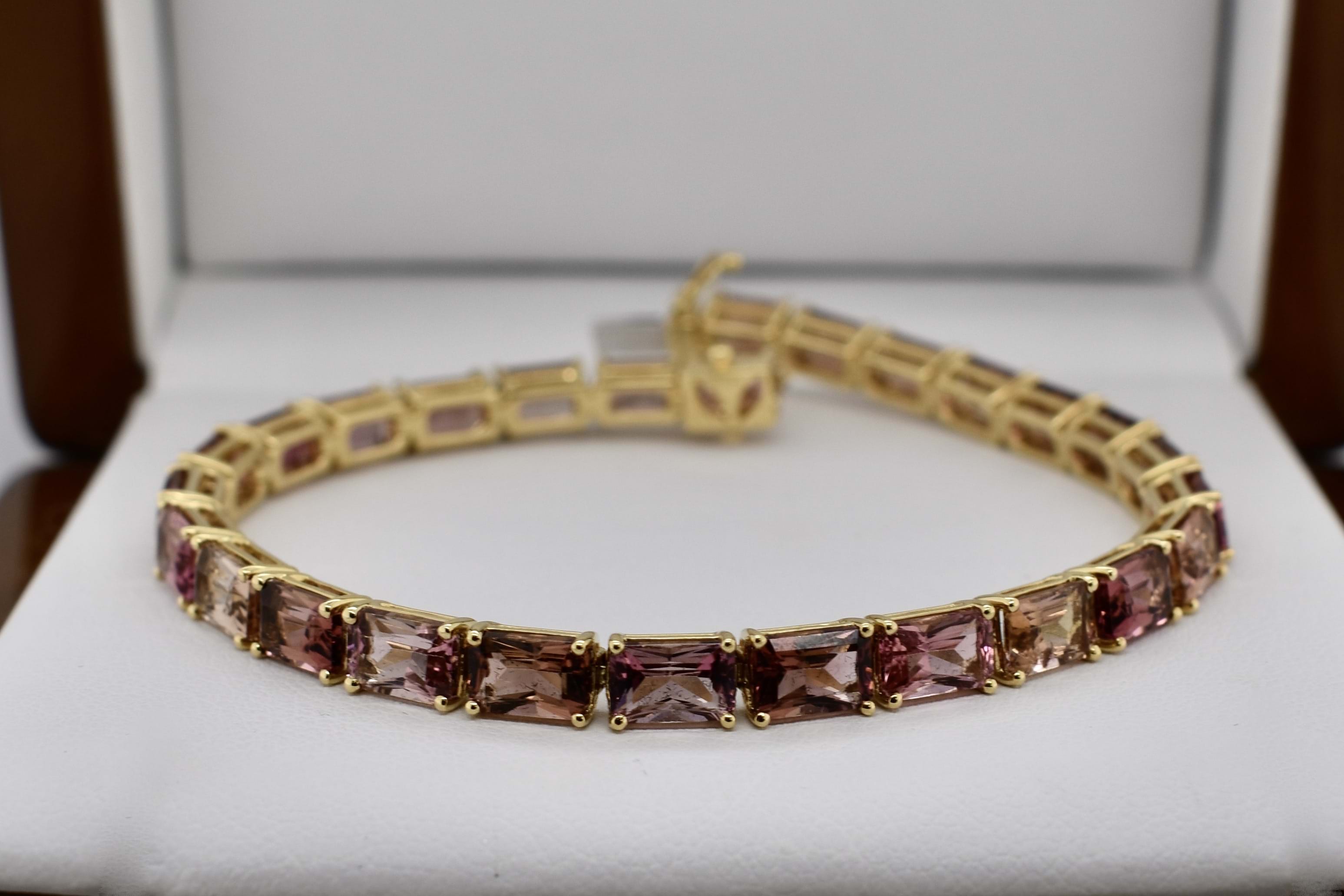 Crafted in 18ct yellow gold, this pretty pink tourmaline bracelet, featuring twenty seven radiant cut tourmalines, totalling 15.27ct, including light pinks, mid pinks and brownish orangey pinks. These tourmaline stones are four claw set in an articulated line style bracelet with a concealed box clasp and two figure of 8 safety catches. Bracelet measures 17cm long. Independent Valuation Supplied.
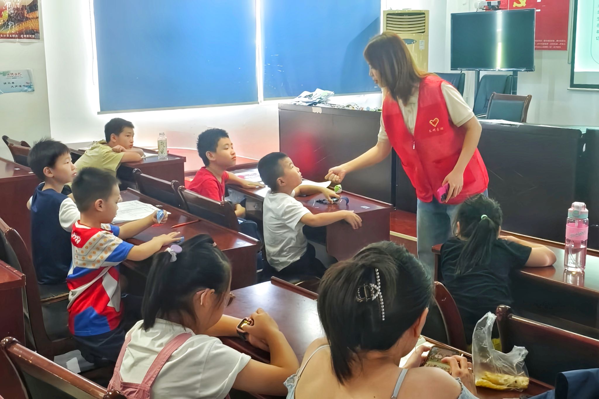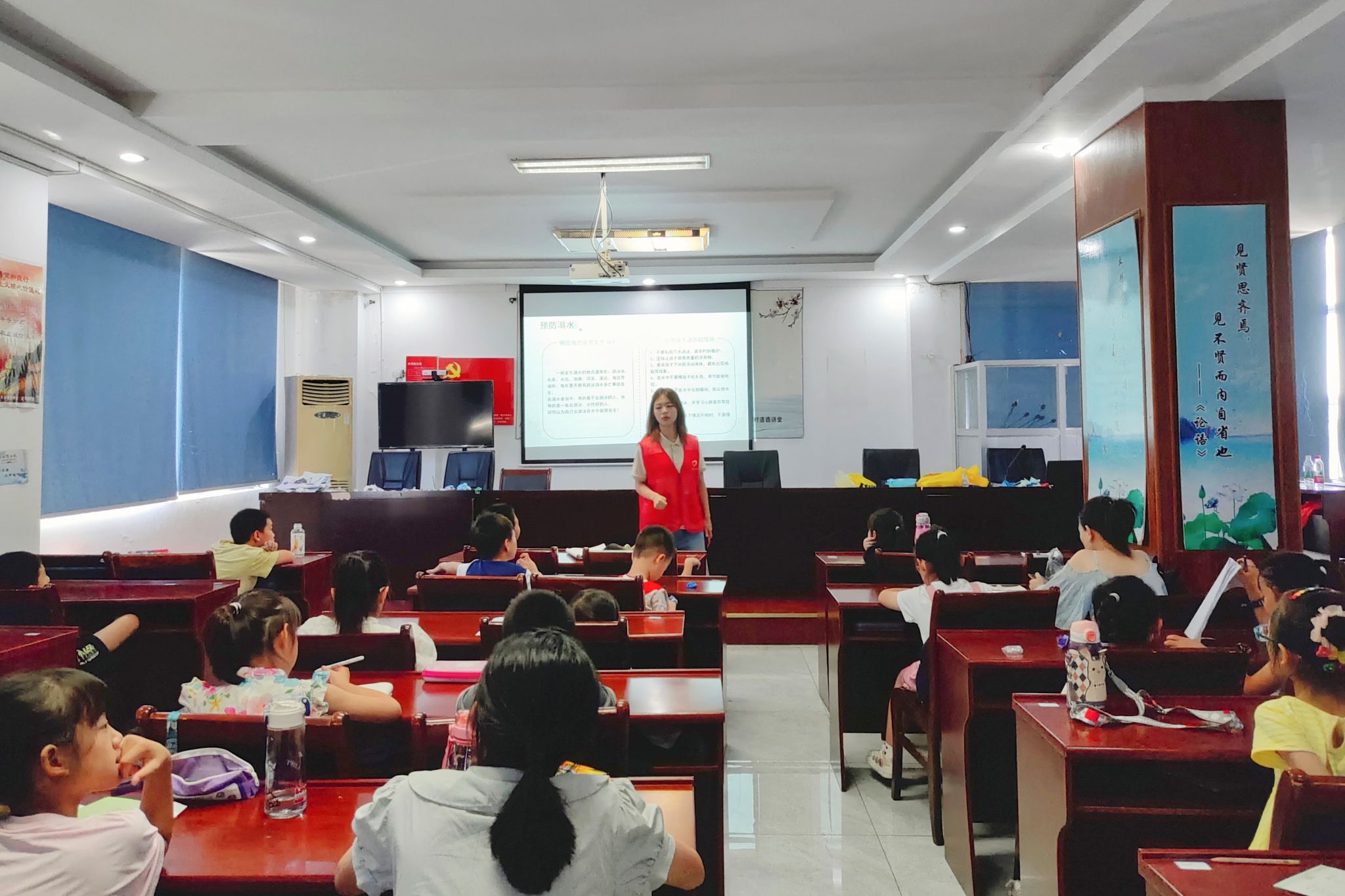 活动分为观看视频、互动问答和齐唱《防溺水安全歌》三个部分。主讲人为小朋友播放溺水急救视频,为小朋友普及溺水急救知识,并说明珍惜生命、严防溺水的重要性。在互动问答环节,她询问小朋友游泳技能的掌握情况,告知小朋友提高警惕,不可盲目施救,并提醒他们游泳时一定要有家长陪同。她让小朋友回答遇到他人或自己溺水情况时的正确做法。小朋友利用此次活动所学知识,认真回应主讲人的提问。最后,主讲人带领小朋友学唱《防溺水安全歌》,歌曲旋律简单且包含溺水注意事项,便于小朋友牢记。
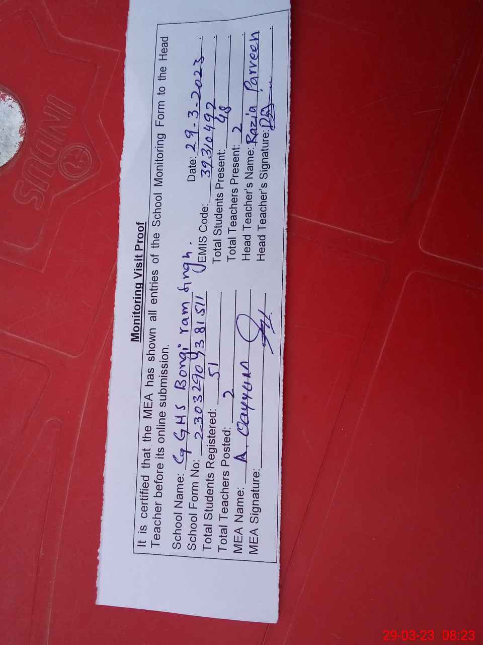| EMIS Code: 39310492 | Name of School: GGHS BONGI RAM SINGH | |||
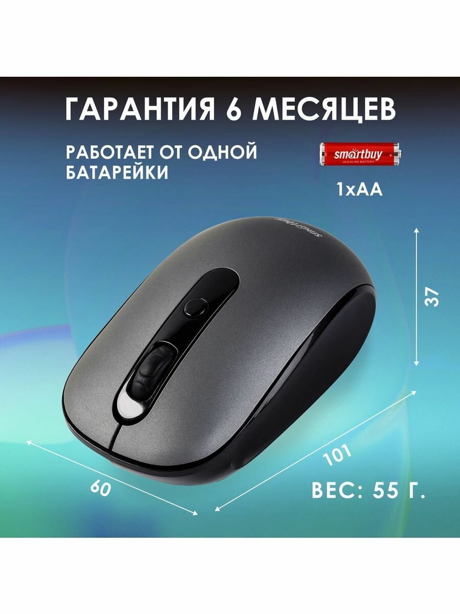 Манипулятор мышь Smartbuy ONE 262AG серебро, бесшумная (SBM-262AG-G) беспроводная - 1 шт.
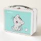 Cute gato y ratón tabby sobre fondo azul claro. Nombre texto listo para ser personalizado.
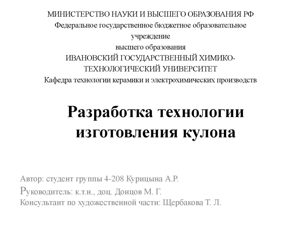 образованияИВАНОВСКИЙ ГОСУДАРСТВЕННЫЙ ХИМИКОТЕХНОЛОГИЧЕСКИЙ УНИВЕРСИТЕТ
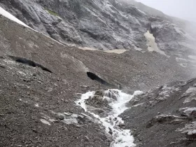 Toll ist dort auf jeden Fall der Steingletscher. Nur sehen müsste man ihn dann können. Das Wetter war so trübe, dass wir ihn erst erkannten, als wir direkt davor standen.
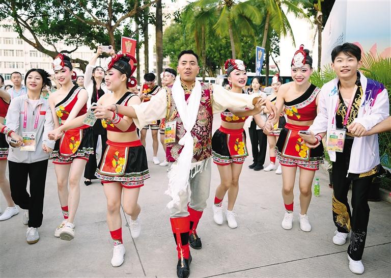 11月26日,運(yùn)動(dòng)會(huì)特別安排了“民族大聯(lián)歡”活動(dòng)。獨(dú)具海南特色的牛角號(hào)與蛙鑼齊齊奏響,喜迎八方賓客,表演者、運(yùn)動(dòng)員、教練員一起手拉手載歌載舞。西藏運(yùn)動(dòng)員身著盛裝,和來(lái)自北京西藏中學(xué)的運(yùn)動(dòng)員一起唱藏歌、跳鍋莊、送禮物,和香港特別行政區(qū)運(yùn)動(dòng)員互送吉祥物、紀(jì)念品,相互交流、拍照留念。
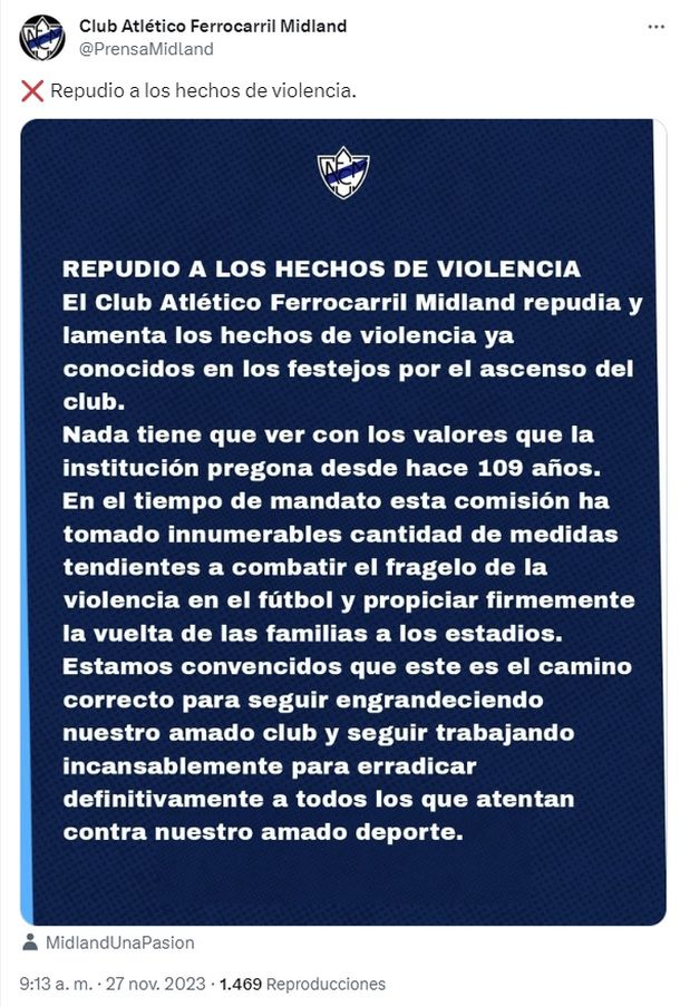 "El Club Atlético Ferrocarril Midland repudia y lamenta los hechos de violencia ya conocidos en los festejos por el ascenso. Nada tienen que ver con los valores que la institución pregona desde hace 109 años", introduce un comunicado subido en los canales oficiales de la institución de la localidad bonaerense de Libertad.
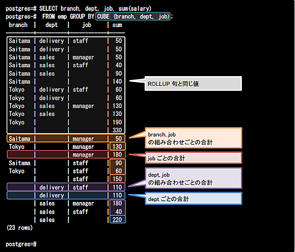 CUBE句では指定したカラムのすべての組み合わせで小計を求めることができます。以下のクエリでは、CUBE句にbranch, dept, job列の順に指定しています。このクエリを実行すると、最初にROLLUP句で指定した組み合わせと同じ値が導出されます。
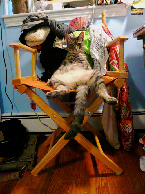 This is my cat, Tom Hanks, sitting on my orange director’s that has been with me since freshman year in college – I am now 26 and I currently live in Boston!
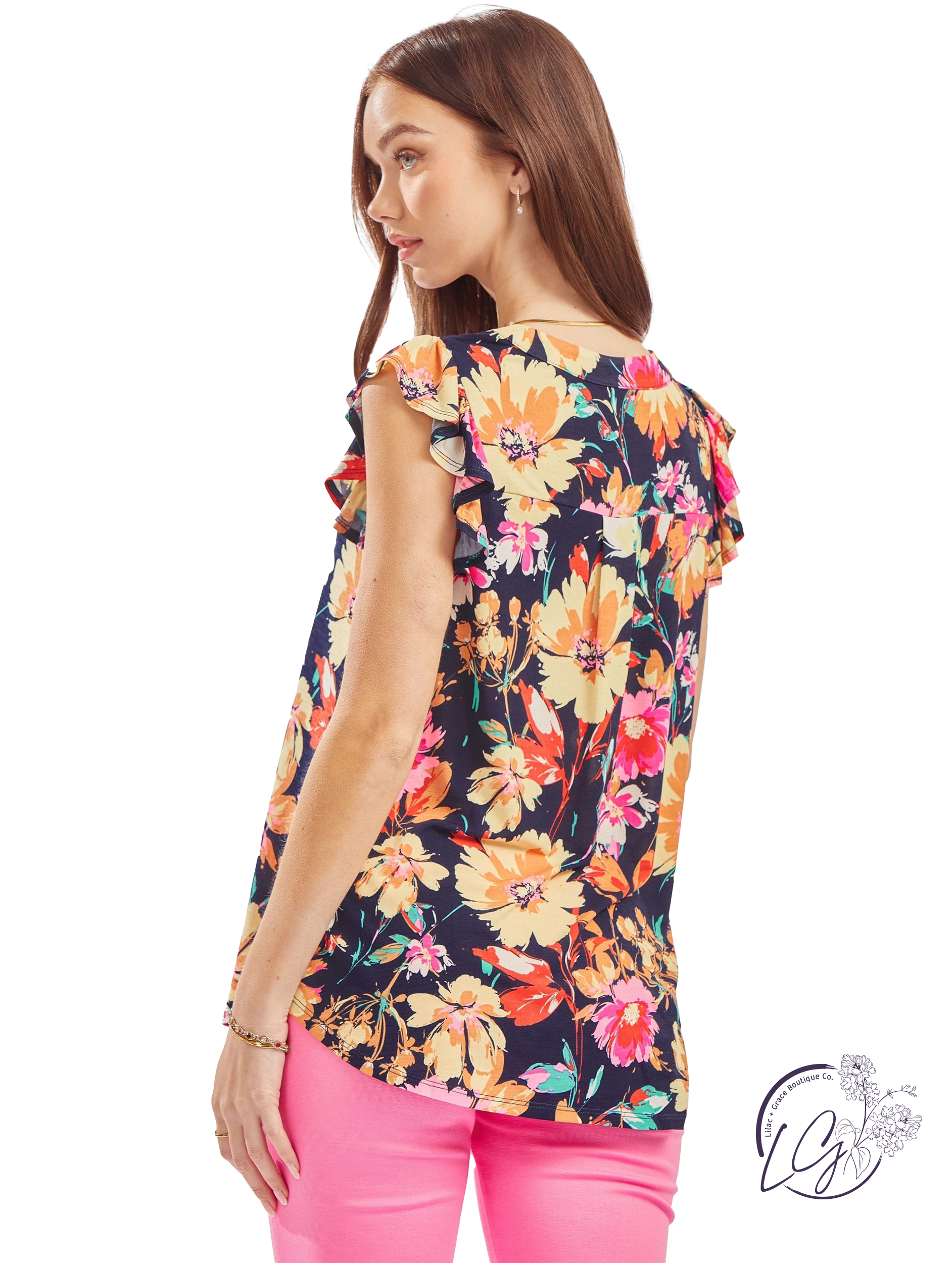 Get ready to fall in love with our Navy Solid Wrinkle Free Top! Featuring a chic China collar and back pleated detail, this Lizzy flutter top adds a touch of elegance to any outfit. The relaxed and stretchy knit material makes it easy to wear, while the flared flutter sleeves add a playful touch. Say goodbye to wrinkles and hello to effortless style!
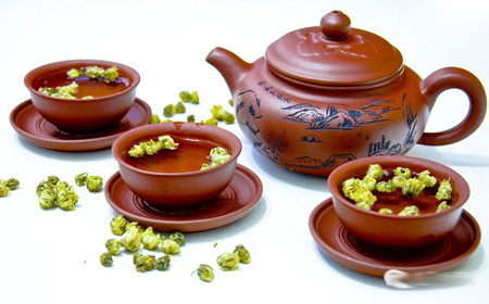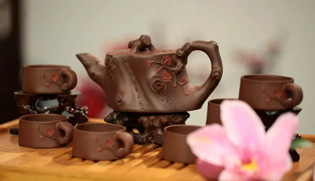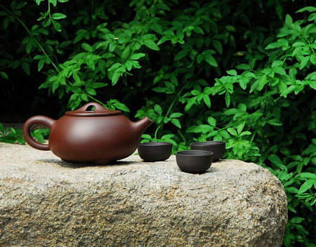 宜兴紫砂壶最为出名,泡茶既不夺茶真香,又无熟汤气,能较长时间保持茶叶的色、香、味。紫砂茶具还因其造型古朴别致、气质特佳,经茶水泡、手摩挲,会变为古玉色而倍受人们青睐。
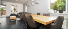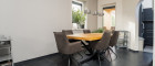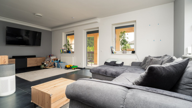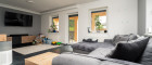 Der große Wohnbereich bietet viel Platz für die Familie. Auch hier wurde eine hochwertige indirekte Beleuchtung mit Farbsteuerung installiert. Zwischen Wohn- und Essbereich befindet sich ein Klimagerät sowie die Rauchfangstränge für einen möglichen Kaminanschluss. Eine Türe führt in den gepflegten Garten mit Terrasse.
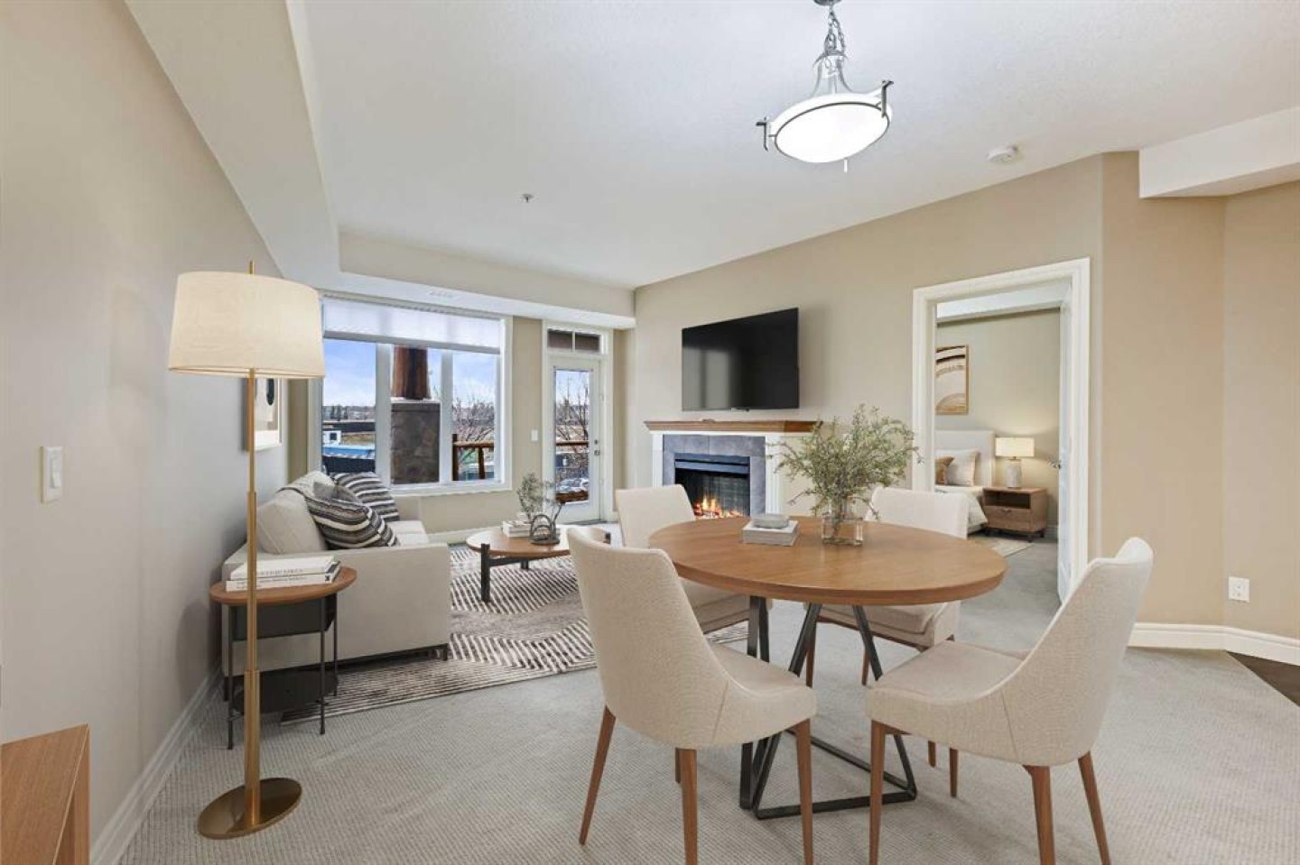 The spacious kitchen features granite countertops, a corner pantry, and ample cabinet space. Open to a cozy great room with an electric fireplace and direct access to the covered south-facing balcony, complete with a gas line for BBQs. Enjoy central air conditioning indoors or soak up the sun outside. The large primary bedroom is complemented by a 4-piece bathroom, a spacious flexible den space, in-suite laundry, and extra storage.
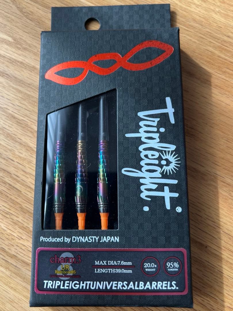 COSMO DARTS 笠毛 広平モデルのバレルです。極少量生産の限定品で激レアです。コレクションにしていたのであまり使っていません。写真はセッティング例です。バレルのみ送付■商品のスペック材質:タングステン90%全長:48.0mm最大径:7.2mmバレル重量:19.5g形状:トルピード刻み:リングカット, 縦カット規格:2BA■商品の説明長めなグリップエリアの2種類のリングカットが、水中を自由自在に泳ぎ回る魚の様に抜群の操作性を生む。いわゆるロングトルピードなルックスながら、バレル前方の目を引く魚をモチーフにした刻印がアクセント。流行りのストレートバレル使いの方にもオススメな逸品。

- _Exercise requirements_
Give back exactly the run of lines that opens the material above and ends at the line with "This is my cat, Tom". Omit the pictures.

- _Answer to the exercise_
 Crafted in 18ct yellow gold, this pretty pink tourmaline bracelet, featuring twenty seven radiant cut tourmalines, totalling 15.27ct, including light pinks, mid pinks and brownish orangey pinks. These tourmaline stones are four claw set in an articulated line style bracelet with a concealed box clasp and two figure of 8 safety catches. Bracelet measures 17cm long. Independent Valuation Supplied.
 活动分为观看视频、互动问答和齐唱《防溺水安全歌》三个部分。主讲人为小朋友播放溺水急救视频,为小朋友普及溺水急救知识,并说明珍惜生命、严防溺水的重要性。在互动问答环节,她询问小朋友游泳技能的掌握情况,告知小朋友提高警惕,不可盲目施救,并提醒他们游泳时一定要有家长陪同。她让小朋友回答遇到他人或自己溺水情况时的正确做法。小朋友利用此次活动所学知识,认真回应主讲人的提问。最后,主讲人带领小朋友学唱《防溺水安全歌》,歌曲旋律简单且包含溺水注意事项,便于小朋友牢记。
| EMIS Code: 39310492 | Name of School: GGHS BONGI RAM SINGH | |||
 Манипулятор мышь Smartbuy ONE 262AG серебро, бесшумная (SBM-262AG-G) беспроводная - 1 шт.
 Cute gato y ratón tabby sobre fondo azul claro. Nombre texto listo para ser personalizado.
 образованияИВАНОВСКИЙ ГОСУДАРСТВЕННЫЙ ХИМИКОТЕХНОЛОГИЧЕСКИЙ УНИВЕРСИТЕТ
 Toll ist dort auf jeden Fall der Steingletscher. Nur sehen müsste man ihn dann können. Das Wetter war so trübe, dass wir ihn erst erkannten, als wir direkt davor standen.
 11月26日,運(yùn)動(dòng)會(huì)特別安排了“民族大聯(lián)歡”活動(dòng)。獨(dú)具海南特色的牛角號(hào)與蛙鑼齊齊奏響,喜迎八方賓客,表演者、運(yùn)動(dòng)員、教練員一起手拉手載歌載舞。西藏運(yùn)動(dòng)員身著盛裝,和來(lái)自北京西藏中學(xué)的運(yùn)動(dòng)員一起唱藏歌、跳鍋莊、送禮物,和香港特別行政區(qū)運(yùn)動(dòng)員互送吉祥物、紀(jì)念品,相互交流、拍照留念。
 "El Club Atlético Ferrocarril Midland repudia y lamenta los hechos de violencia ya conocidos en los festejos por el ascenso. Nada tienen que ver con los valores que la institución pregona desde hace 109 años", introduce un comunicado subido en los canales oficiales de la institución de la localidad bonaerense de Libertad.
 CUBE句では指定したカラムのすべての組み合わせで小計を求めることができます。以下のクエリでは、CUBE句にbranch, dept, job列の順に指定しています。このクエリを実行すると、最初にROLLUP句で指定した組み合わせと同じ値が導出されます。
 This is my cat, Tom Hanks, sitting on my orange director’s that has been with me since freshman year in college – I am now 26 and I currently live in Boston!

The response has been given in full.